After a review of the arguments for and against the parent-child immunity doctrine, we are of the opinion that it should be abrogated in this State. Reingold v. Reingold,

[56 NJ Page 507]

supra, Hastings v. Hastings, supra, and the cases which follow them are overruled. Our decision today goes no further than allowing suits between unemancipated children and their parents for injuries suffered as a result of the negligent operation of a motor vehicle. See dissenting opinion of Justice Jacobs in Hastings v. Hastings, supra at 261. We realize that there may be areas involving the exercise of parental authority and care over a child which should not be justiciable in a court of law. See Goller v. White, supra, Silesky v. Kelman, supra. But we are not confronted with such a situation in this case and we will not speculate on what limits, if any, the rule enunciated here should have.

For the reasons stated above, the defendants' counterclaim for contribution should be permitted to stand and the order of the trial court should be affirmed.

FRANCIS, J. (dissenting). Basically for the reasons expressed in my dissent in Immer v. Risko, 56 N.J. 482 (1970), I cannot agree with the majority opinion in this case. In my judgment, the parent-child and interspousal tort immunity rules espoused by the then majority of the Court in Heyman v. Gordon, 40 N.J. 52 (1963); Hastings v. Hastings, 33 N.J. 247 (1960); Franco v. Davis, 51 N.J. 237 (1968); and Koplik v. C.P. Trucking Corp., 27 N.J. 1 (1958) are sound and ought to be preserved.

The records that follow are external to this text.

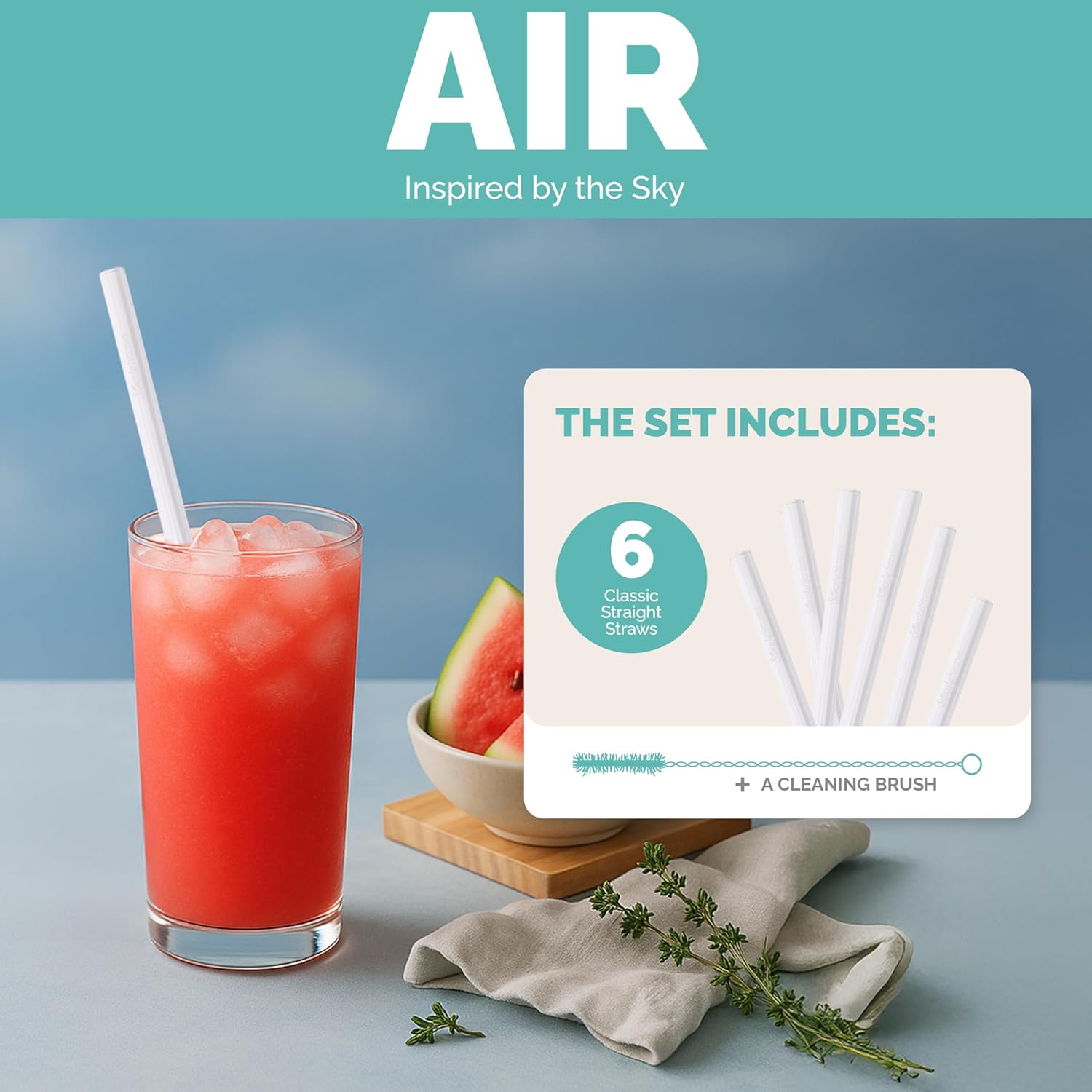Simply Straws 10 Inch Glass Straws Straight (6-Pack) – Reusable Glass Straws for 24 Oz Mason Jars & Tumblers, with Cleaning Brush – Durable, Dishwasher Safe, Hot & Cold Use, BPA-Free (Air)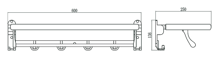 Откидная полка Savol S-007099 используется в ванных комнатах для размещения халатов, полотенец и других банных принадлежностей. Модель оснащена 6 двойными крючками, полотенцедержателем и монтируется на стену с помощью шурупов. Изделие выполнено из нержавеющей стали. Дополнительные характеристики: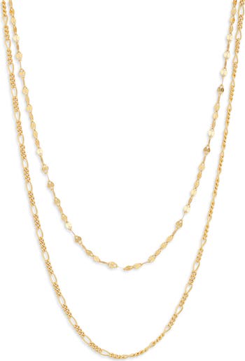 You'll love completing your look with this double layered chain necklace that is crafted from 14k-gold plated sterling silver.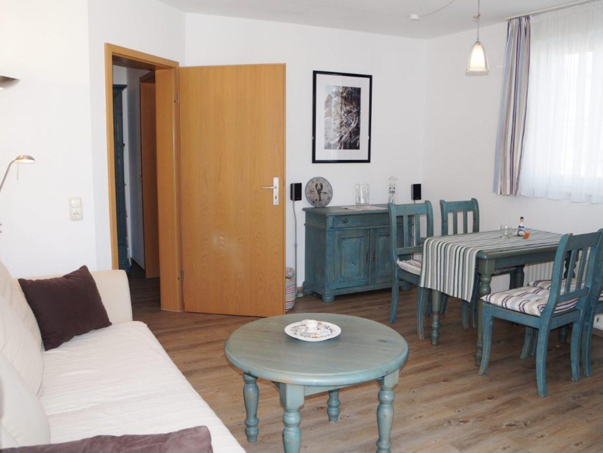 Das 2-Raum-Appartement 17 der Villa Karola befindet sich im 2. OG und verfügt über ca. 50 m² Wohnfläche und einen großzügig mit Gartenmöbeln bestuhlten Balkon, der zum gemeinsamen Frühstück im Freien einlädt. Der Balkon ist vom Wohnzimmer und Schlafzimmer begehbar. Der helle Wohn- und Essbereich des Appartements bietet neben einer großen bequemen Couch mit Schlaffunktion auch einen modernen Flatscreen-TV mit DVD/Heimkinoanlage. In der separaten Küche macht das Kochen im Urlaub richtig Spaß, denn die Einrichtung umfasst neben Geschirr und sämtlichen Küchenutensilien Ceranfeld, Kühlschrank, Geschirrspülmaschine, Backofen, sowie Kaffeemaschine, Wasserkocher und Toaster. Das Schlafzimmer ist liebevoll mit einem Doppelbett und einem geräumigen Kleiderschrank möbliert und auch das Duschbad lässt keine Wünsche offen. Das Appartement ist für 2-4 Personen buchbar.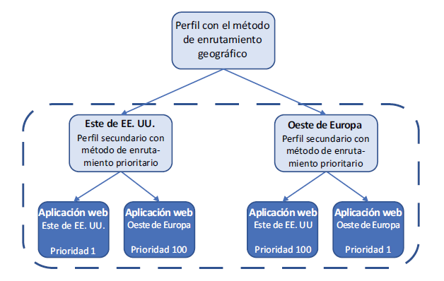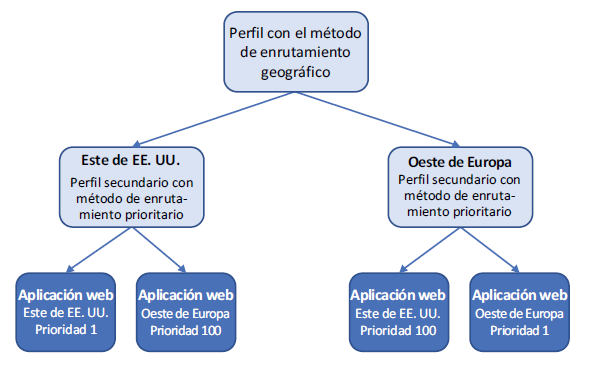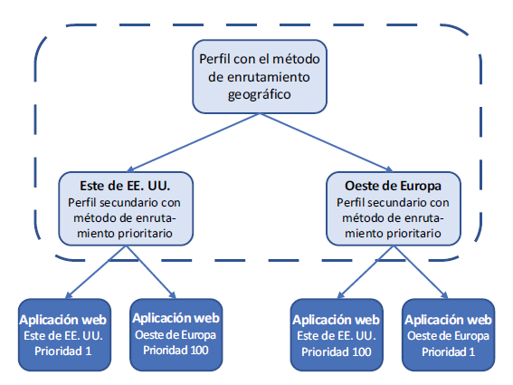 Cuando utiliza el enrutamiento geográfico, tiene un poco más de control sobre los puntos de conexión que utilizan los clientes. Puede haber razones reglamentarias que exigen que los clientes en una región determinada siempre utilicen puntos de conexión en la misma región. Los ejercicios usan puntos de conexión geográficos para mostrar un ejemplo más real, porque hay un truco para el enrutamiento geográfico: debe especificar un perfil secundario, no un punto de conexión directamente.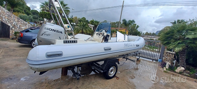 Vendesi gommone swell metri 560 con fuoribordo honda 90 cavalli quattro tempi a carburatori, uniproprietario tutto anno 1996, i tubolari sono stati sostituiti inverno 2017 cantiere master, completo cuscineria ,doccia , dotazioni di bordo, commutatore batterie, pompa sentina, roll bar con luci e proiettore, certificato d'uso, non autosvuotante, euro 8.000

Assuming their continued applicability, defendants' counterclaim for contribution against the husband and father would be barred. In Kennedy v. Camp, 14 N.J. 390 (1954), this Court held that the Joint Tortfeasors Contribution Law provides no remedy unless there are tortfeasors who have a joint or common liability. The immunity of Carroll E. France, Jr., under the cases cited above, remove him from the category of a possible tortfeasor, and therefore defendants' counterclaim must fall.